Converting all the programs of the Amsterdam Modeling Suite into engine libraries that are used by the AMS driver was a big reorganization of the entire suite, which was spread out over multiple releases between 2018 and 2020. As of the AMS2020 release, ADF itself has been integrated into the AMS driver, making the integration of all engines into the AMS driver finally complete. (The only exception is QuantumEspresso, which is integrated into the GUI, but has no connection to the AMS driver in the 2020 release.)
As with any large reorganization, it is unavoidable that some things change. For GUI users this should not create any issues, but users familiar with the existing command line and scripting interfaces will notice these changes and their existing workflows might need to be adjusted to the new setup. We know that these kind of changes can be disrupting for existing users, and where possible we try to keep backwards compatibility with previous versions, but unfortunately this is not always possible. However, overall AMS provides a much more consistent and convenient interface to command line and scripting users, and we believe that the new simplicity and expanded feature set of AMS make transitioning to the new framework well worth the effort.
Input, execution and output¶
With the introduction of AMS in the 2018 release of the Amsterdam Modeling Suite, there were some changes in the input and output files and formats used by our software. Users of the graphical interface should not notice these changes, but people using the software from the command line or through the scripting frameworks need to be aware of them.
This section contains the main changes. For a more complete description see:
- The extended Input, execution and output section.
Generally the input for AMS has the block and keyword structure that most
programs in the Amsterdam Modeling Suite have already been using. See the
General remarks on input structure and parsing section for more details. The only new construct in the
AMS input is a special
Engine block, that selects which engine is used for
the simulation and also contains all the details of its configuration. This is
probably best illustrated by an example.

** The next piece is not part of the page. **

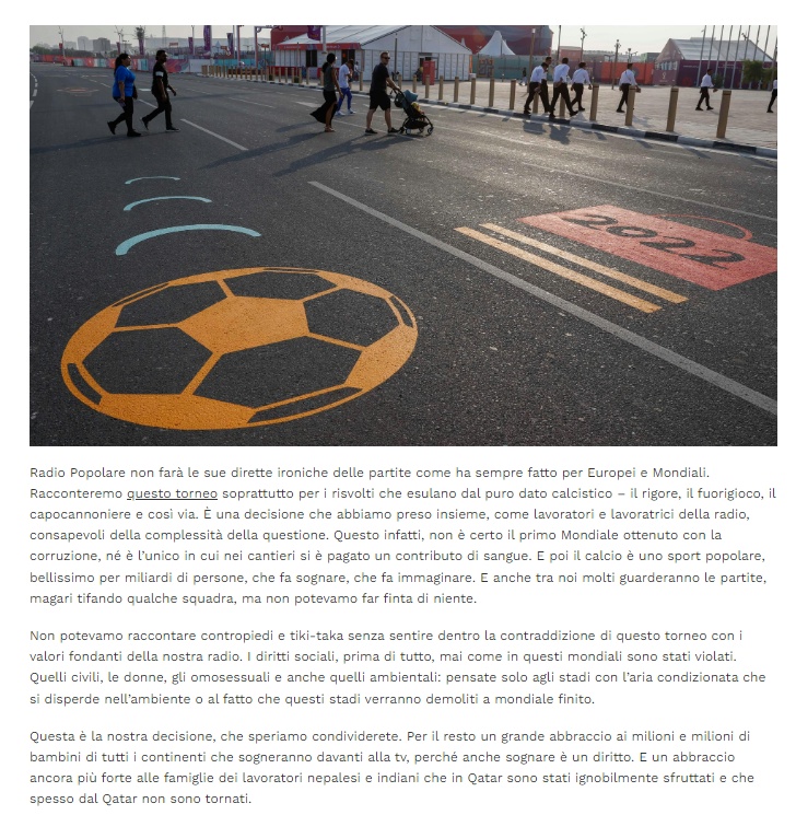 A differenza delle precedenti occasioni, Radio Popolare segue i mondiali di calcio non con trasmissioni ironiche ma da un punto di vista

Let us look at the following AMS
input, which optimizes the geometry of the methane molecule and calculates its
normal modes of vibration at the optimized geometry:
$AMSBIN/ams << EOF Task GeometryOptimization GeometryOptimization Convergence Gradients 1.0e-4 End End Properties NormalModes true End System Atoms C 0.00000000 0.00000000 0.00000000 H 0.63294000 -0.63294000 -0.63294000 H -0.63294000 0.63294000 -0.63294000 H 0.63294000 0.63294000 0.63294000 H -0.63294000 -0.63294000 0.63294000 End End Engine DFTB Model DFTB3 ResourcesDir DFTB.org/3ob-3-1 EndEngine EOF
Note how DFTB is selected as the engine in the
Engine DFTB line that opens
Engine block. All DFTB specific configuration is contained within this
engine block, which is terminated by
EndEngine. The fact that we want to run
a geometry optimization with normal modes for methane and things like
convergence criteria for the optimization are of course completely independent
from which engine is actually used to perform this calculation. Therefore they
are all found outside of the
Engine block. In this sense, the AMS input is
split up into the driver level input (everything outside of the engine block)

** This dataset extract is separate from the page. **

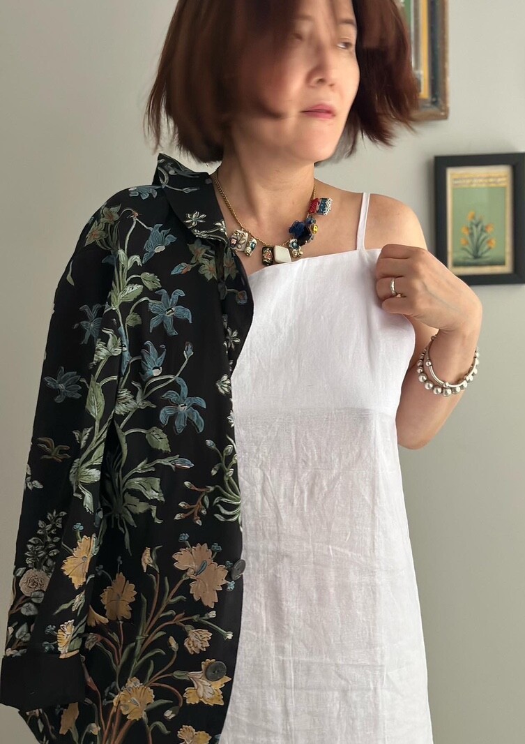 앞가슴두분에는같은 린넨 안감이 16.5센티정도 덧대이고요 더블😄

and the engine input, which is just a single
Engine block. This separation
makes it easy to perform the same calculation at a different level of theory, by
simply switching out the
Engine block in the input. We could, for example,
repeat the same calculation at the DFT-GGA level using the Band engine:
Engine BAND XC GGA PBE End EndEngine
Engines like ADF and BAND that have many options and can calculate many properties,
consequently also have a large number of possible keywords in their input. In
order to have a better structured documentation we have split off the description
of the engine inputs into separate engine specific manuals,
while this AMS manual only documents the driver level keywords outside of the
Engine block. All the engine specific options are found in the respective
engine’s manual, which documents the keywords in its
Engine block. In
general all engines can be used with all tasks in AMS. There are only a few
rather obvious restrictions, for example that only engines which can handle
periodic systems can be used for the calculation of phonons.
The introduction of the
Engine block is the only real change AMS brings to
the input side of things. On the output side there are a few more changes.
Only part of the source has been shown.